Original Title: how I run 200 AI agents on the hormuz crisis with Mirofish, and compare it to polymarket
Original Author: The Smart Ape
Original Compilation: Peggy, BlockBeats
Editor's Note: When AI begins to simulate a public opinion field, the act of prediction itself quietly changes.
This article documents an experiment surrounding the situation in the Strait of Hormuz: the author used MiroFish to construct a simulation system consisting of 200 agents, allowing governments, media, energy companies, traders, and ordinary people to coexist in a simulated social network. Through continuous interaction, debate, and information dissemination, judgments were formed, and this collective outcome was compared with the market pricing on Polymarket.
The results were not consistent. The group discussion was overall optimistic, while the market was significantly more pessimistic; in free speech, a minority of pessimists were closer to the real pricing; and once placed in an interview setting, almost all agents converged to more moderate, cooperative expressions.
This split is not unfamiliar. In the real world, public statements often tend towards stability and optimism, while genuine risk assessments are hidden within actions and informal expressions. In other words, what people say, what they think, and how they bet with money are often three different systems.
Within such a structure, the most valuable signals often do not come from consensus, but from those voices that seem out of place amidst the noise.
The following is the original text:
I used MiroFish to simulate the situation in the Strait of Hormuz over the next few weeks. This tool excels at handling such problems because it can conduct highly complex scenario simulations: introducing multiple participants, different roles with their own incentive mechanisms into the same system, and letting these agents continuously game and debate, eventually forming a result close to consensus.

Here are the specific steps I took to run this simulation and the final results I obtained.
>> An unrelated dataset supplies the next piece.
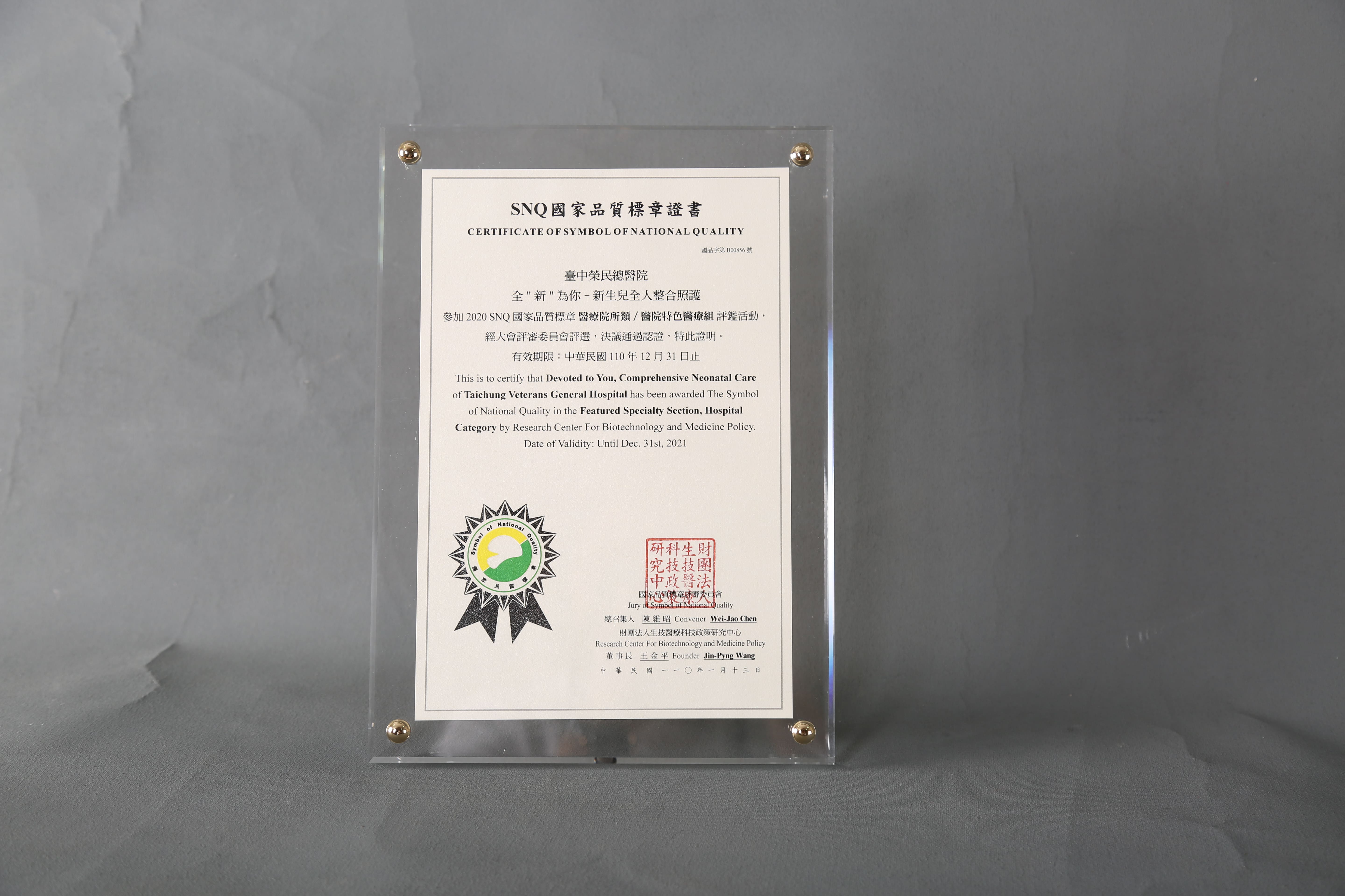 2020年國家生技醫療產業策進會-醫院特色醫療組-標章獎-全"新"為你- 新生兒全人整合照護

Anyone can reproduce it; the key is just knowing which steps to follow.
First, MiroFish is an open-source project from a Chinese research team. After you input a batch of documents, it first constructs a knowledge graph, then generates different agent personas based on this graph, and subsequently releases these agents into a simulated Twitter environment. In this environment, they post, retweet, comment, like, and argue with each other. After the simulation ends, you can also interview each agent individually to view their respective stances and reasoning processes.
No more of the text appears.